Ready?
Long a** journal tiem!
I only expect my true friends to read the whole thing, if you don't want to chances are it doesn't apply to you
Sorry guys for being so mean lately
Okie dokie, I've been such a b***h lately and I thought I would explain everything to everyone.
I've never felt 100% well, I think there is something wrong with my body, so I kinda stand with my hips forward, it's weird. Anywho I have really bad pain in my back,a and legs. Recently it's been getting a lot worse and hurting me to the point of crying. My grandfather is in the hospital with cancer and a broken shoulder, my dad smokes, diabetes runs in my family and so does chronic depression, I have breathing problems, I've fainted in school because of them. I have to hide my sexuality from my parents and some of my friends, yes, I'm bi . My dad said that if things didn't improve in my house he's going to leave my mom.
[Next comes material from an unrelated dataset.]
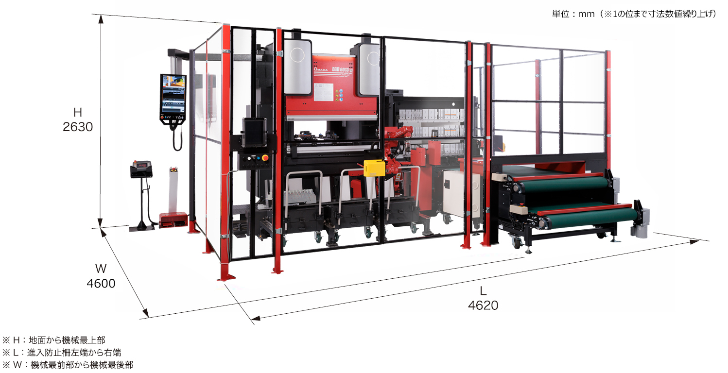 新たな機械を導入しました!2026.1.14お知らせ AMADA社の電動サーボベンディング自動化システムEGB 6013 ARc eが導入されました。 自動化システムが付加されておりますので、24時間自動運転が可能です。

My great grandma wont accept that I'm my mother's daughter and constantly asks me who I am. She hates my mom for something my ******** aunt did, that sluttybitchcrackwhorealchaholicuntbastrard (the list goes on and on), anyway back to me, every friend I've ever made as long as I can remember has left me after one year and that time is coming up again, I don't want to believe it but I didn't the last time either. I think I really do love one of my friends, more then anyone else that I've ever met He's the second person I've ever been nervous talking to, the first didn't turn out well. I don't think I'm ready to get hurt again. I'm pretty loved, I wont deny that I'm popular at school but it's a problem because all my friend fight each other. There are more things but only certain people I want to tell them to. I hope you guys can understand what I'm going through, I really do love you guys but I don't think I can go on like this much longer.